Buts : Džeko (85e) pour la Bosnie // Brady (82e) pour l’Irlande

La célébration est à la hauteur du soulagement. Jamais qualifiée pour un Euro, la Bosnie, chez elle, a bien cru se faire surprendre par l’Irlande qui n’a cherché qu’à endormir son adversaire. Mais les Dragons d’Europe de l’Est peuvent remercier leur buteur maison et capitaine, Edin Džeko, qui égalise en fin de rencontre et permet à son pays de conserver toutes ses chances en vue du match retour prévu lundi à Dublin. Côté Irish, gageons que les retours de Given, Shane Long et O’Shea permettent à Martin O’Neill de proposer davantage que ce soir.

L’agence sans risque


C’est avec une sacrée gueule sur le papier que la Bosnie se présente face aux rugueux Irlandais. Džeko, Pjanić, Lulić ou encore Ibišević sont présents. Des noms qui sentent bon les Balkans et le toucher de balle délicat. Mais barrage aller oblige, personne ne se presse pour enflammer la rencontre. Malgré une totale domination territoriale de la bande de Mehmed Baždarević, il faut attendre la 20e minute pour voir le premier frisson envahir l’enceinte de Zénica, ville à une heure de route au nord-ouest de Sarajevo. Vedad Ibišević parvient à passer devant le marquage serré de Clark pour claquer une reprise de volée, qui ne donnera finalement rien de plus qu’un effet d’optique à la grosse quinzaine de milliers de supporters bosniens debout en tribunes. Le premier arrêt, lui, intervient à la demi-heure de jeu et une tête de Visća facilement captée par Randolph. Un sursaut d’occasions autant inoffensif qu’éphémère. Peut-être parce que l’Éire se satisfait complètement de ne pas exister dans le jeu. Peut-être parce que la Bosnie n’est pas assez tranchante au moment de prendre le bloc irlandais à défaut. Peut-être, aussi, parce que les 22 bonhommes se disent que le meilleur moyen de disputer l’Euro français, c’est de jouer comme en Ligue 1. C’en est trop pour M. Brych qui renvoie tout ce beau monde au vestiaire, sans la moindre seconde de temps additionnel.

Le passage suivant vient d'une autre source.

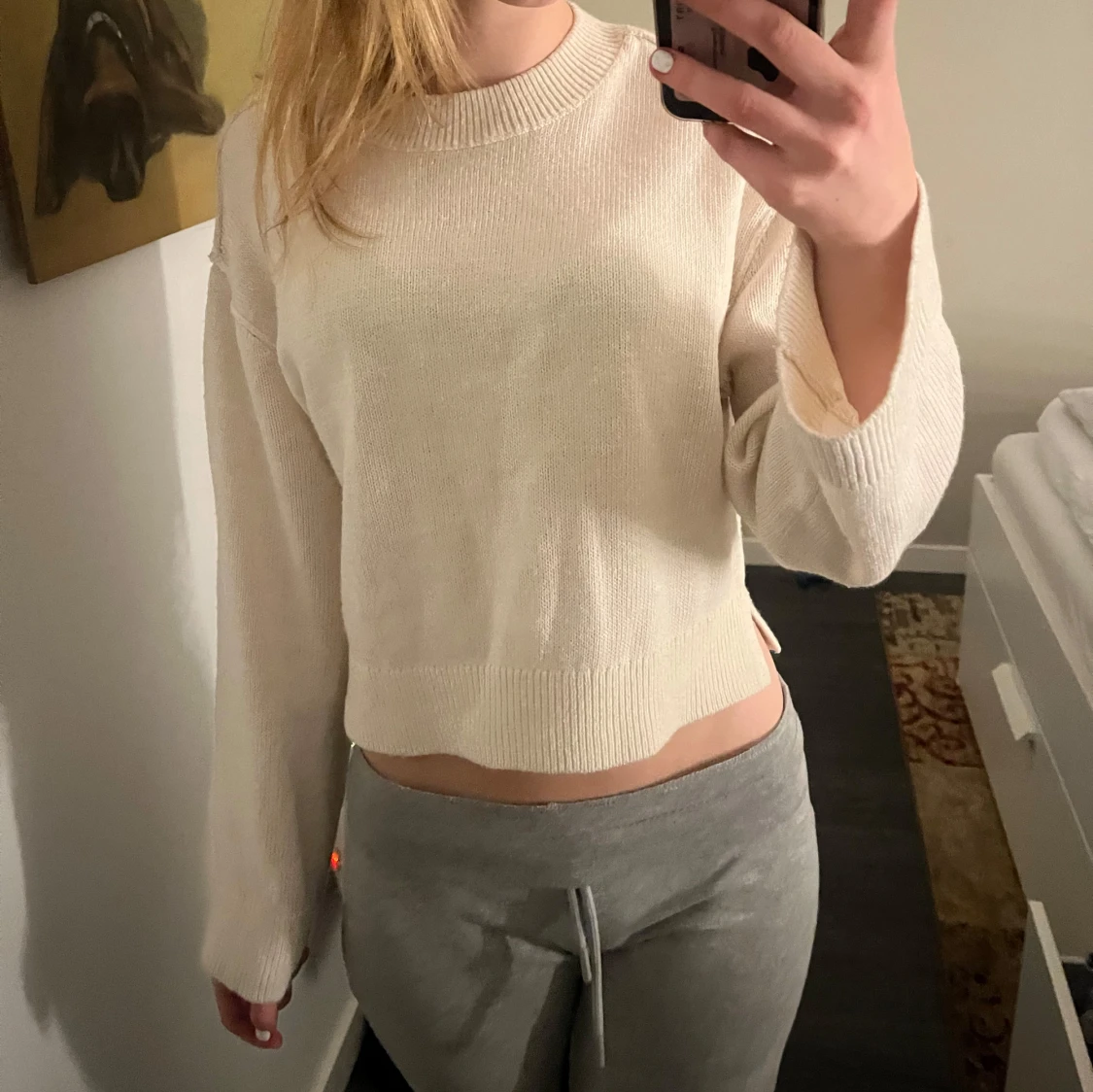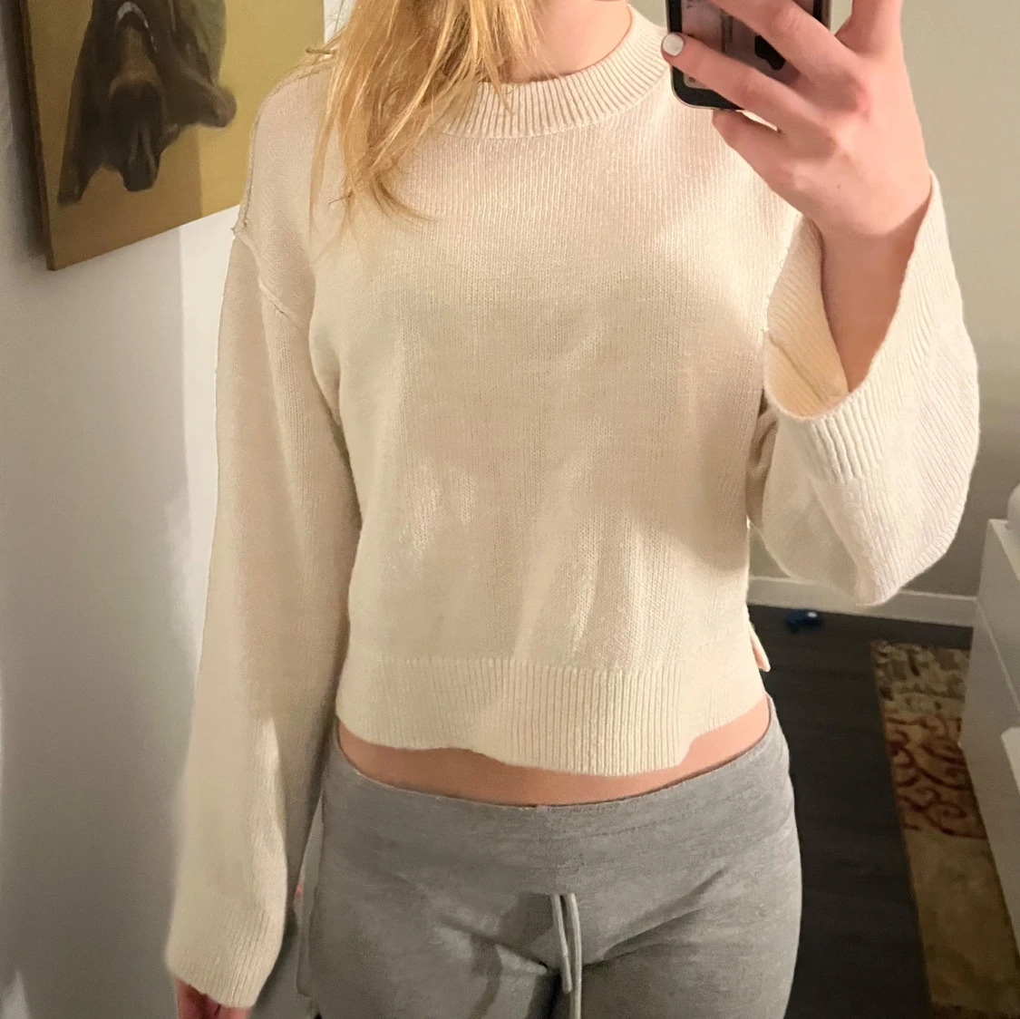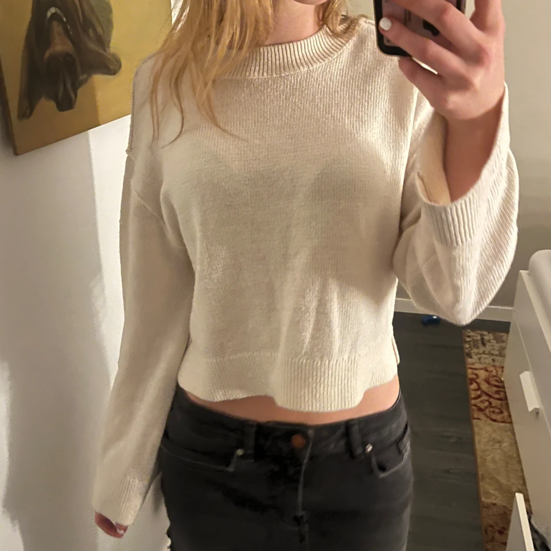Säljer denna stickade vit/begie tröja från H&M storlek XS! Inga defekter, pris kan diskuteras🩷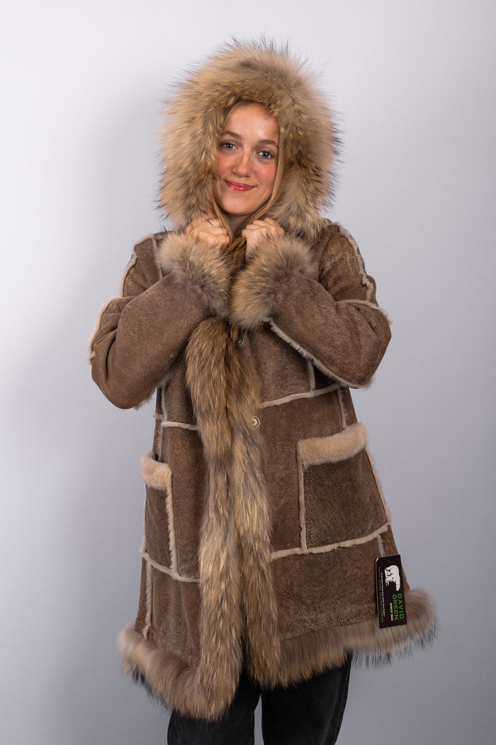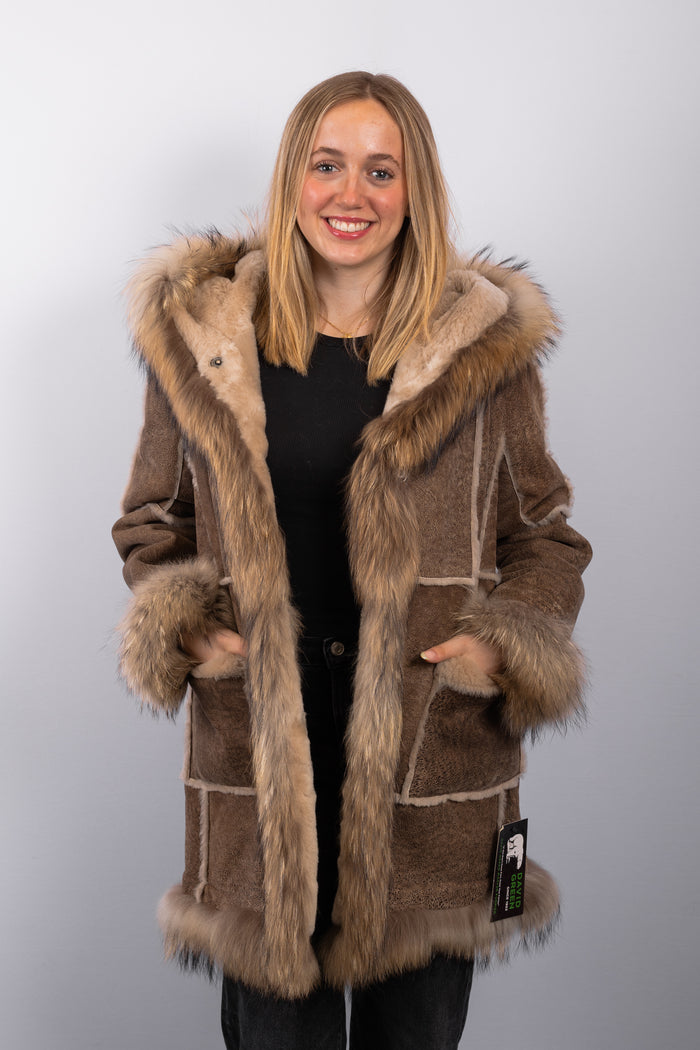 Cappuccino Shearling Lamb Jacket with Natural Asiatic Raccoon Fur Trim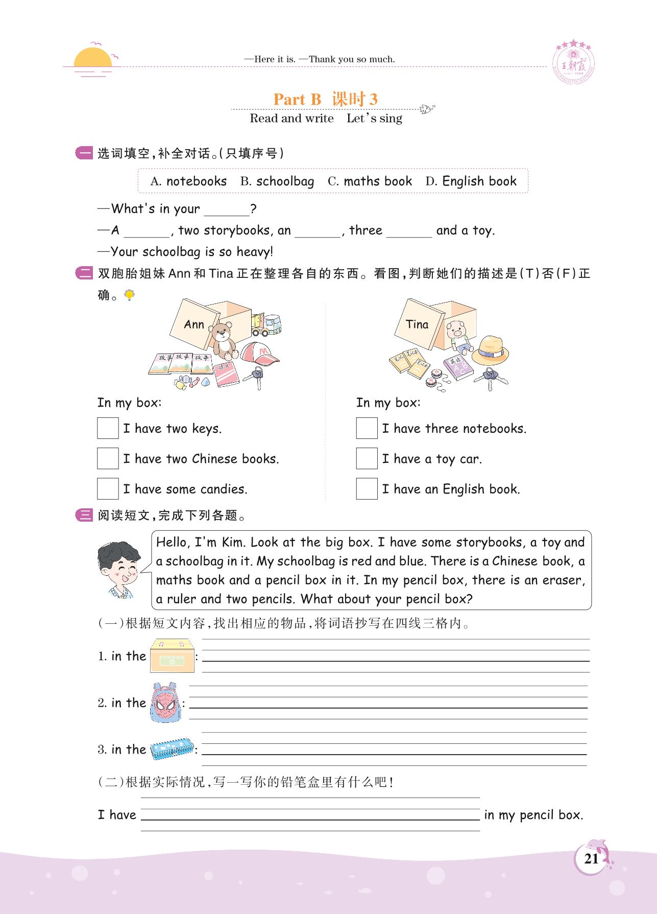 2021上册四年级英语人教PEP版 Unit 2 Part B—课时 3 Read and write Let’s sing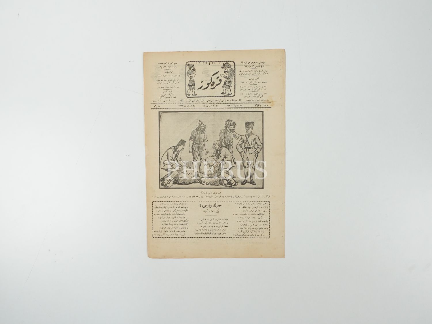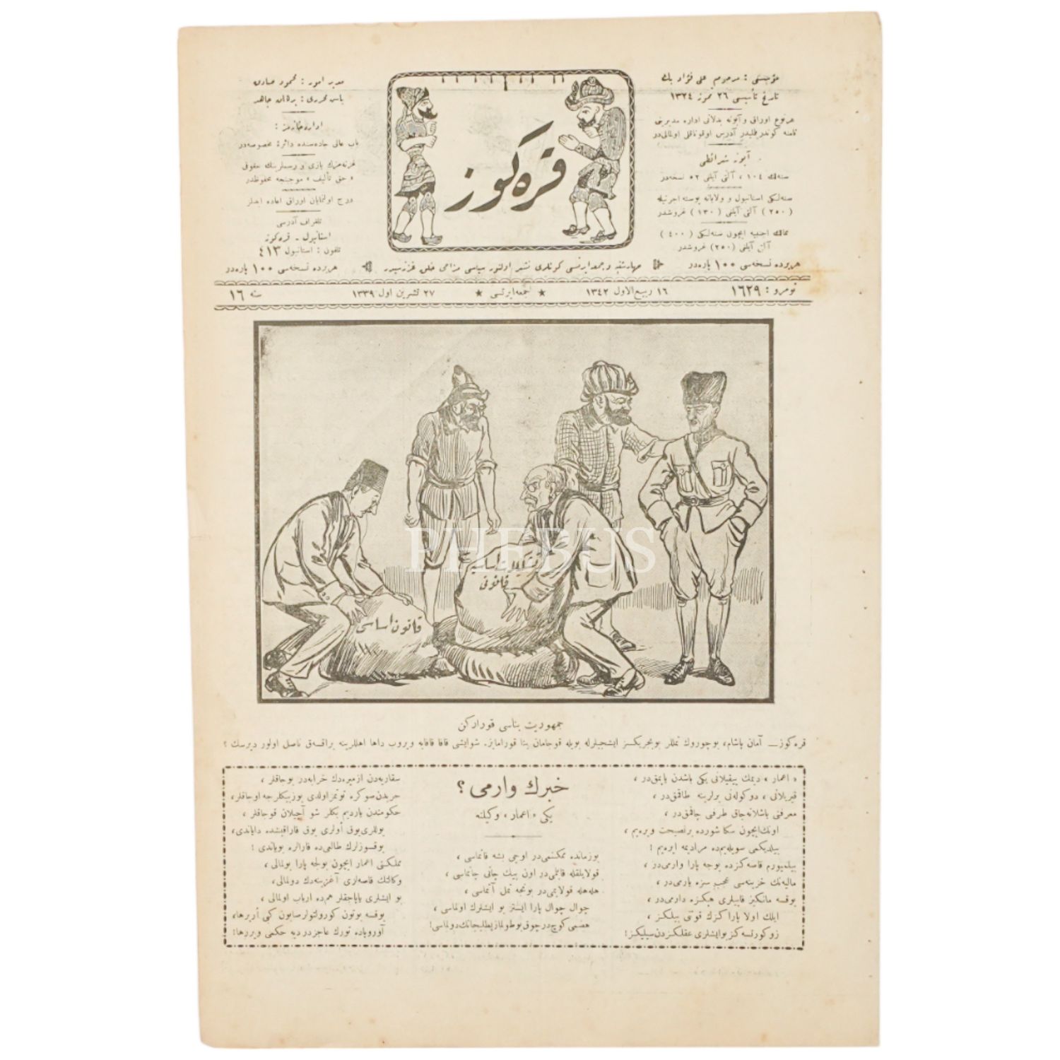 Mustafa Kemal Atatürk´ün yer aldığı "Cumhuriyet Binası Kurarken" alt başlıklı bir karikatüre kapağında yer veren KARAGÖZ dergisinin 27 Teşrinievvel 1339 tarihli nüshası, 27x40 cm...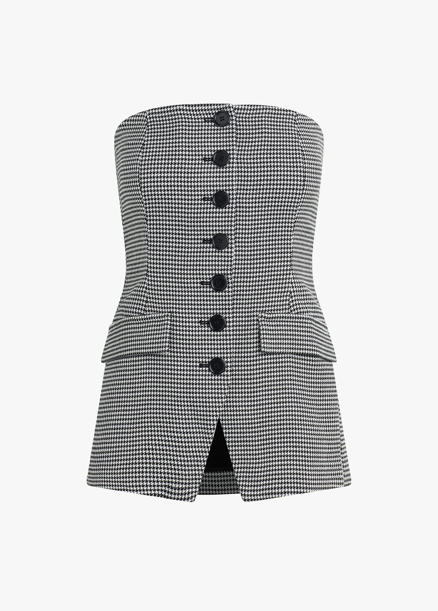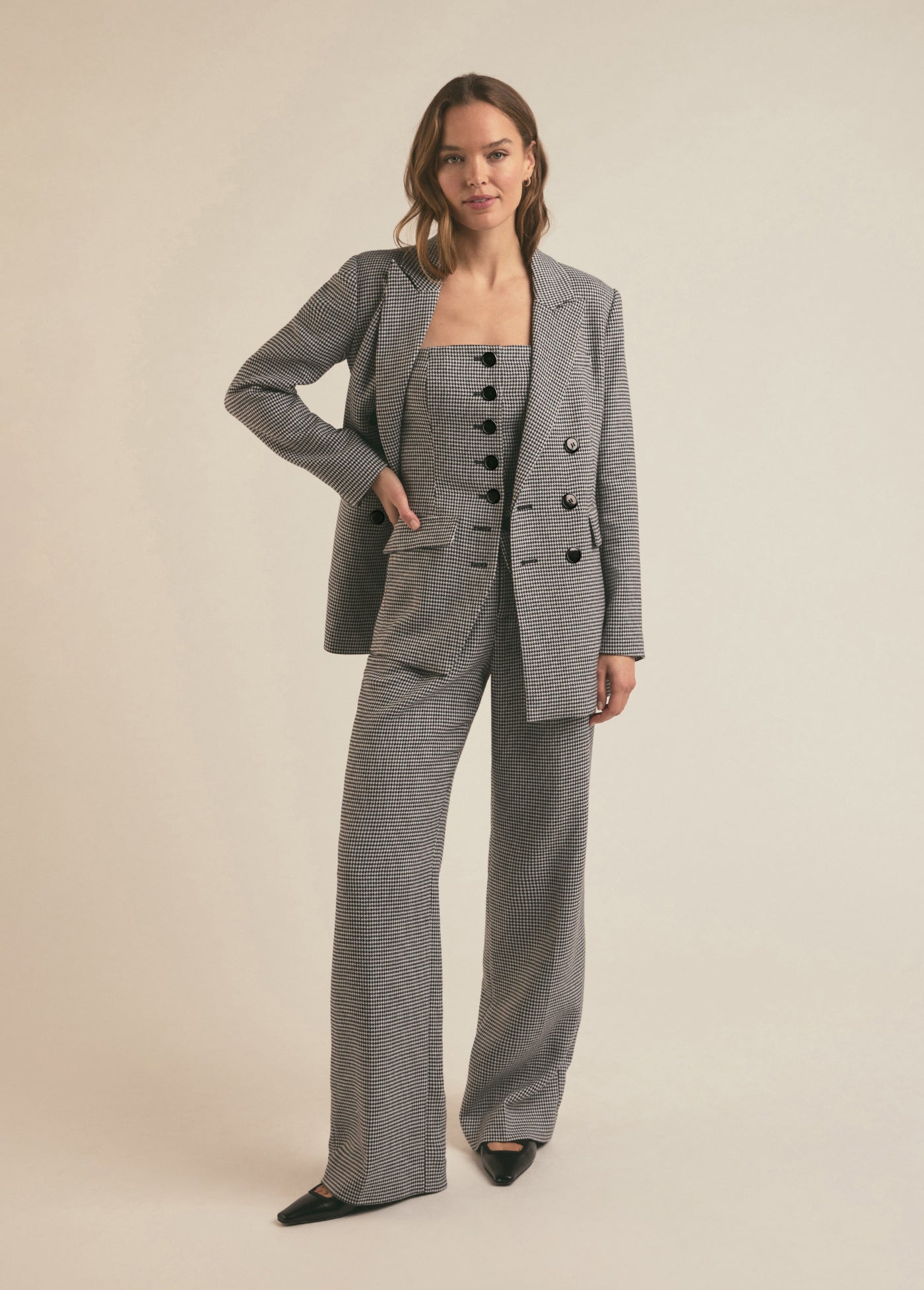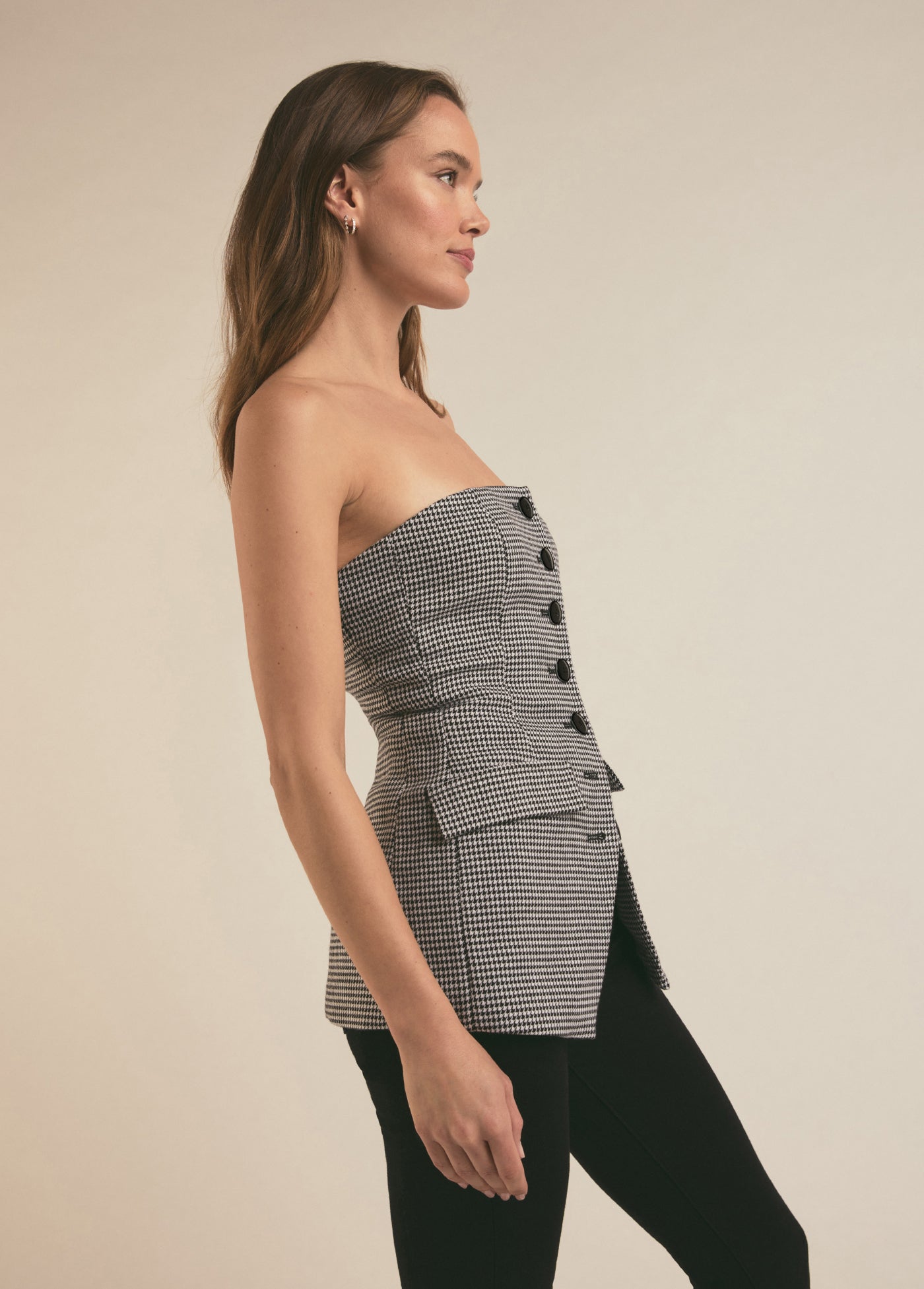 FINAL SALE - NO RETURN / EXCHANGEBorrowed from the boys, this bustier in a structured, jacquard-viscose blend Houndstooth has classic menswear styling--structured shape, front buttons and front flap pockets. The Phoebe Bustier is a classic and looks especially sharp paired with your favorite denim or styled as a set with The Low Favorite Pant.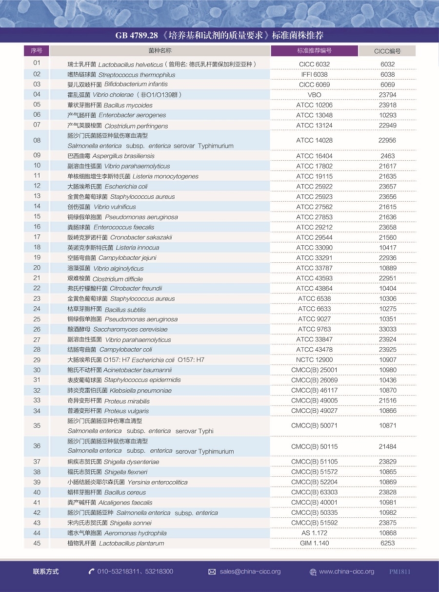 質控菌種:庫藏質控菌株1000余株,廣泛應用于食品、化妝品、環(huán)保、消毒和醫(yī)療機械等領域的微生物學檢驗、質量控制和生產過程控制。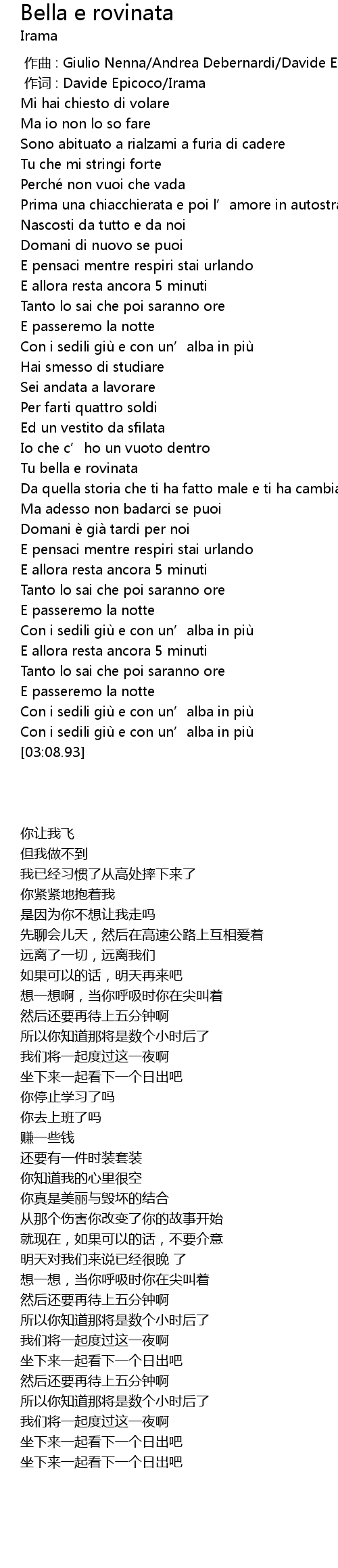 | [00:01.000] | 作词 : Davide Epicoco/Irama |

Quand t'es dans le brouillard


Histoire de ne rien arranger, quelques filous ont semble-t-il craqué des fumigènes durant la pause. Résultat : un épais brouillard qui envahit le pré, gênant grandement la visibilité de tous les acteurs et rendant celle du téléspectateur tout simplement infernale. L’Irlande en profite pour sortir de son trou et commence peu à peu à s’installer dans le camp bosnien. Tour à tour, Hoolahan puis Hendrick s’illustrent, mais leurs tentatives respectives manquent le cadre. Les coéquipiers d’Emir Spahić se montrent davantage dangereux sur contre-attaque ou séquence rapide à présent. Il faut même une très bonne sortie de Randolph sur Džeko pour préserver la nullité du score. Dans cette seconde période, ce sont les manœuvres du réalisateur, qui se démène comme un beau diable pour retransmettre des images ne serait-ce que perceptibles, qui demeurent les plus intéressantes à étudier. Zoom rapproché, plan latéral… Tout y passe. Et dans cette partie marquée surtout par un faux rythme, l’Éire ouvre le score sur sa seule véritable occasion, à la suite d’un débordement de Brady, qui ponctue son action par une belle frappe décroisée. Mais dans la foulée, Džeko joue les renards de surface et égalise au milieu d’une défense irlandaise apathique. Plus rien à retenir jusqu’à la fin de la joute, qui aura vu deux équipes apeurées par l’optique de perdre plus qu’encouragées par le désir de victoire. Tout se jouera donc à Dublin lors du match retour.